Combined with the third version of CityGML (City Geography Markup Language) in development [9, 10], the use of USD in the context of urban visual features modeling brings several advantages. First, the hierarchical and layer-based structure of USD allows for the modular composition and referencing of different visual elements, providing flexibility and ease of scene organization. This enables efficient updates and modifications to the models, enhancing the workflow and facilitating collaboration among researchers and stakeholders. Second, USD supports a wide range of data formats and can integrate diverse data sources, including aerial imagery, LiDAR data, GIS layers, and simulation outputs. This integration allows for a comprehensive representation of the urban built environment, incorporating both geometric and semantic information. The ability to merge and manage such heterogeneous data sources within a unified framework greatly enhances the realism and accuracy of the 3D geosimulation for different urban prospective and analysis. Third, USD’s robust schema and specification enable the precise definition of visual features, such as material properties, texture mapping, and lighting models. The physically-based rendering [11, 12] capabilities of USD ensure accurate and realistic rendering of urban elements, enhancing the visual quality and realism of the geosimulation results.

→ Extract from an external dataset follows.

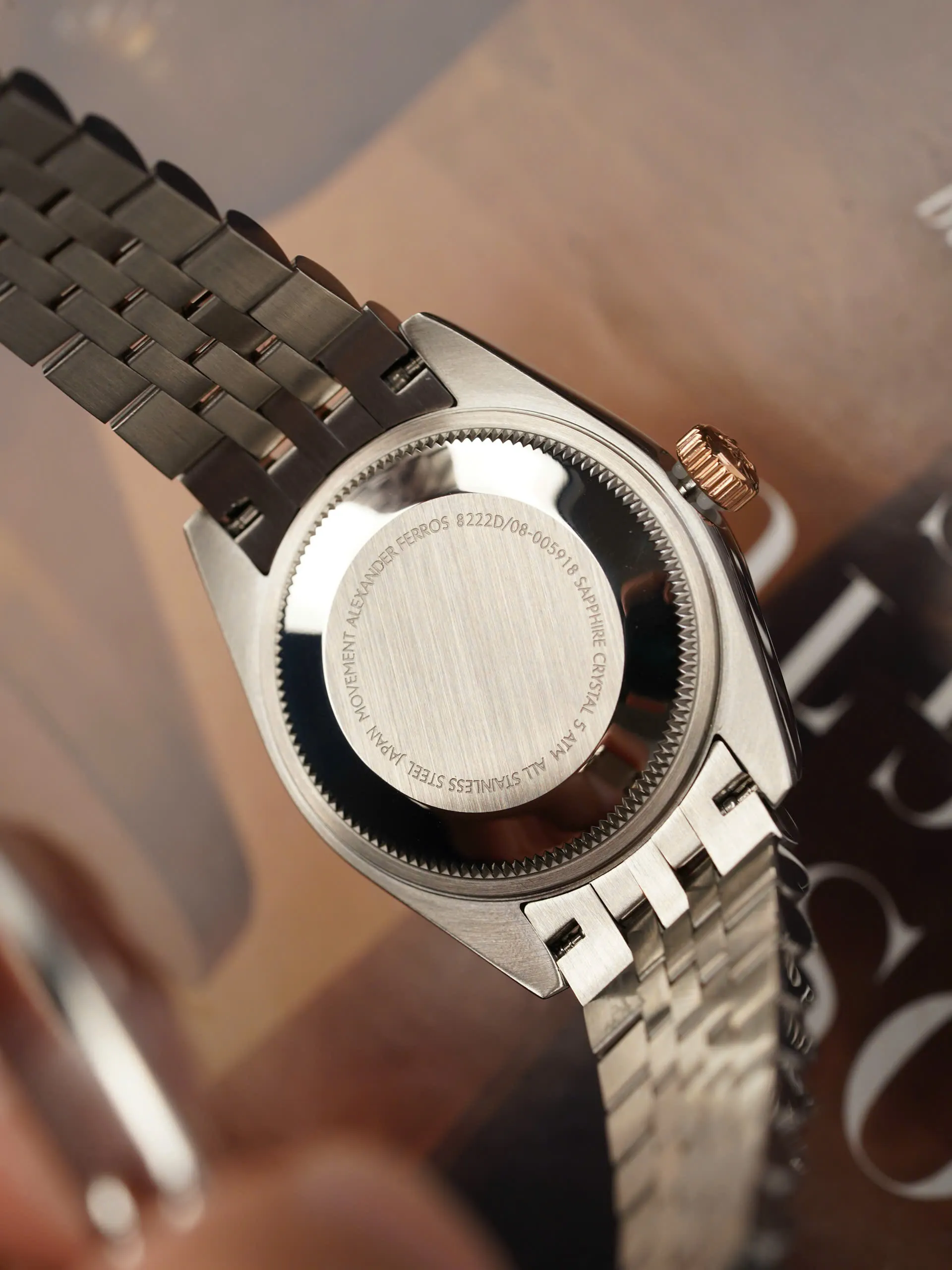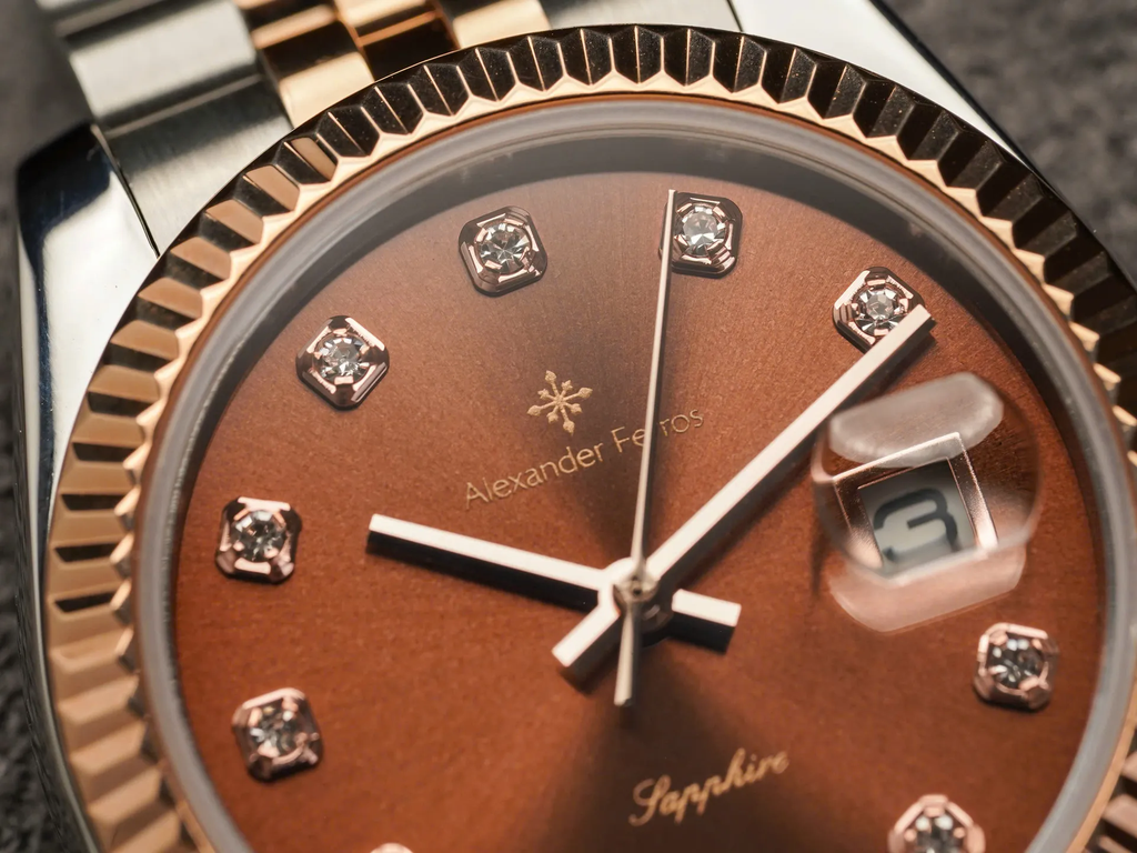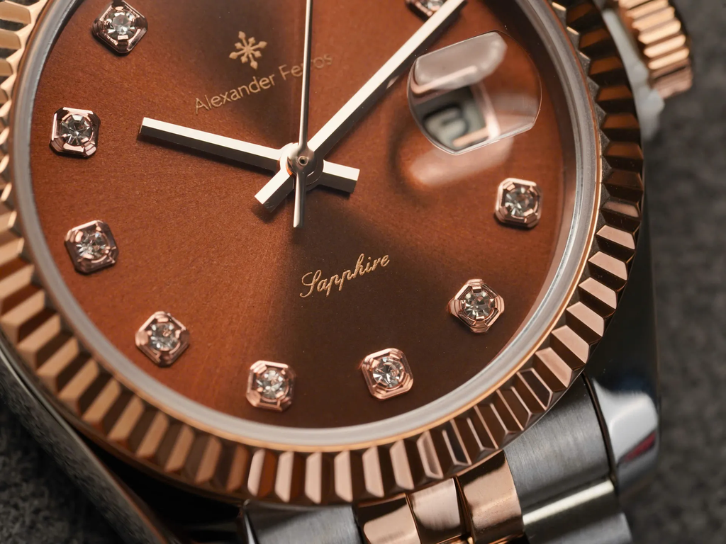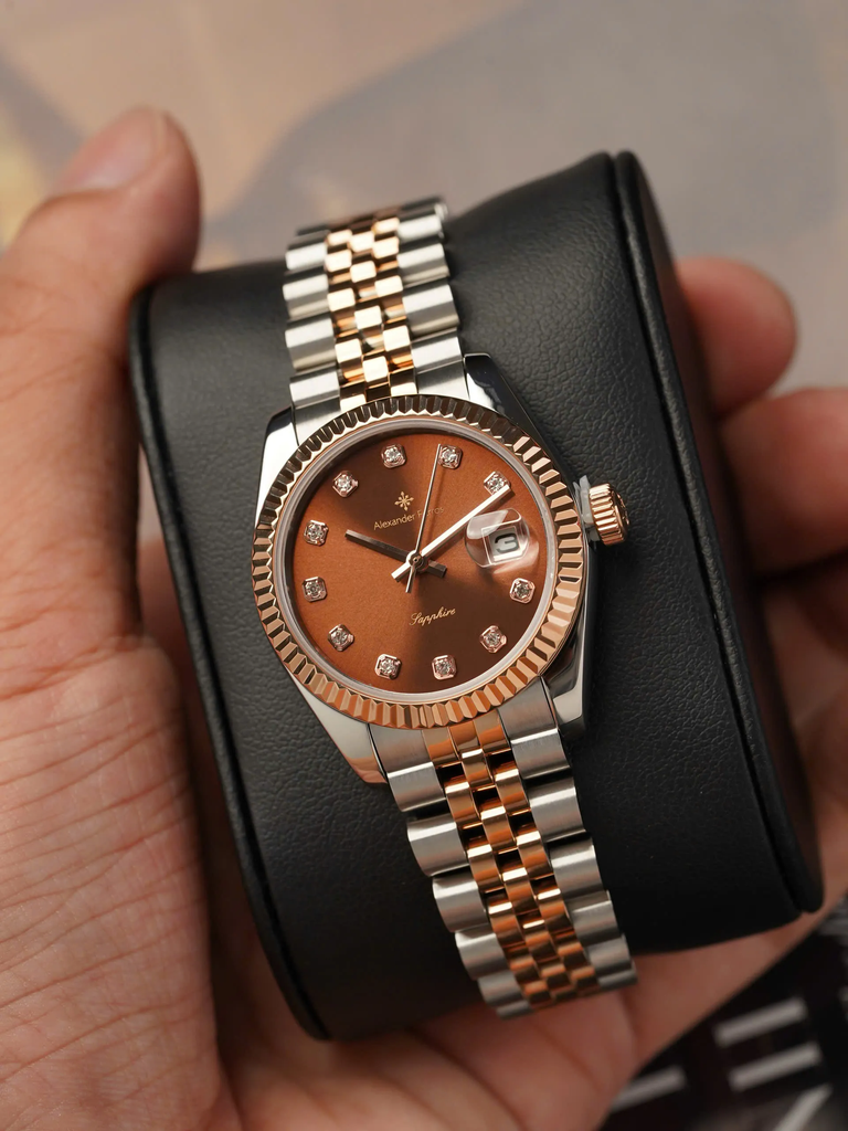 Alexander Ferros 8222D/08 là mẫu đồng hồ nữ thuộc phân khúc phổ thông – trung cấp, tập trung vào thiết kế mang tính thẩm mỹ cao với định hướng dresswatch thanh lịch. Sự kết hợp giữa tông màu nâu chocolate, dây demi vàng hồng và chi tiết đính đá giúp sản phẩm phù hợp với nhóm khách hàng nữ yêu thích phong cách nhẹ nhàng nhưng vẫn có điểm nhấn nổi bật

To the question “How to reconcile 3D geometry, time and the different semantics of spatial objects/agents for a truer representation of reality?”, the aim of this paper is to present a comprehensive approach to modeling visual features in the urban built environment using USD standard specifications.
After surveying keys existing standards and approaches for representing urban environments, we identified the challenges faced by digital twins and geosimulation and introduce the USD standard as a suitable solution in Sect. 2. Section 3 discusses the fundamentals and requirements of USD for urban 3D modeling. In Sect. 4, a series of experiments are presented, including experimental settings and result analysis, to showcase the advantages of the proposed USD approach compared to current methods and standards. The paper concludes in Sect. 5, summarizing the results and outlining future research directions.
2 Urban 3D Modeling and Motivation of USD Advocacy
2.1 Background and Related Works
The field of 3D data collection, storage, and management has matured, leading to increased utilization of 3D data [13, 14]. However, in urban contexts, there is a need for a comprehensive review to compare different 3D modeling methods and standards. This review would assess the efficacy, efficiency, and suitability of various approaches, provide valuable insights into advancements, and address evolving challenges. It would also guide future research and facilitate the adoption of standardized and effective 3D modeling techniques in urban domains. Contemporary 3D modeling approaches can be categorized into topological and geometric methods.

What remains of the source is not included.